━━━━━ Dataset content ━━━━━

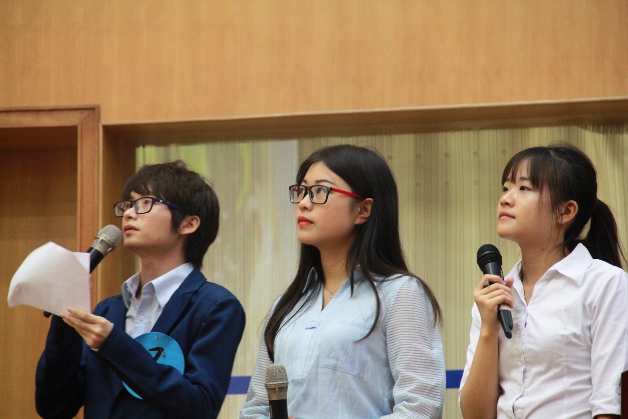 在比赛的第一轮中,每个小组都采用了适合自己的方式来进行展示,通过这个形式每个小组都充分展现出了他们的英语综合技能。“说什么都队”采用一个反转三次的关于愚人节的情景话剧,营造出幽默搞笑的环境气氛,因此赢得了台下观众热烈的掌声。更有别的小组采用配音的形式,为在场的评委和观众展现出出众的英语听说能力。
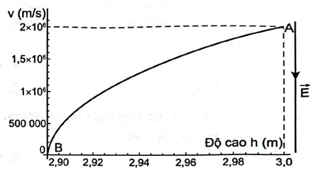 Hình bên là đồ thị tốc độ thay đổi theo độ cao của một electron chuyển động từ điểm đến điểm theo phương thẳng đứng trong điện trường của Trái Đất bỏ qua lực cản của không khí.
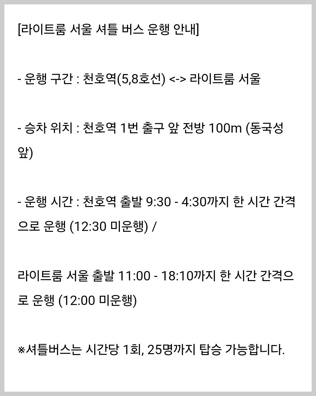 라이트룸 서울은 5,8호선 천호역 지하철역 1번 출구 앞에서 (중국집 동국성 앞) 출발하는 셔틀버스를 운행합니다.

━━━━━

- _What is required_
Repeat the material above word for word, please, apart from its images.

- _Answer to the exercise_
 在比赛的第一轮中,每个小组都采用了适合自己的方式来进行展示,通过这个形式每个小组都充分展现出了他们的英语综合技能。“说什么都队”采用一个反转三次的关于愚人节的情景话剧,营造出幽默搞笑的环境气氛,因此赢得了台下观众热烈的掌声。更有别的小组采用配音的形式,为在场的评委和观众展现出出众的英语听说能力。
 Hình bên là đồ thị tốc độ thay đổi theo độ cao của một electron chuyển động từ điểm đến điểm theo phương thẳng đứng trong điện trường của Trái Đất bỏ qua lực cản của không khí.
 라이트룸 서울은 5,8호선 천호역 지하철역 1번 출구 앞에서 (중국집 동국성 앞) 출발하는 셔틀버스를 운행합니다.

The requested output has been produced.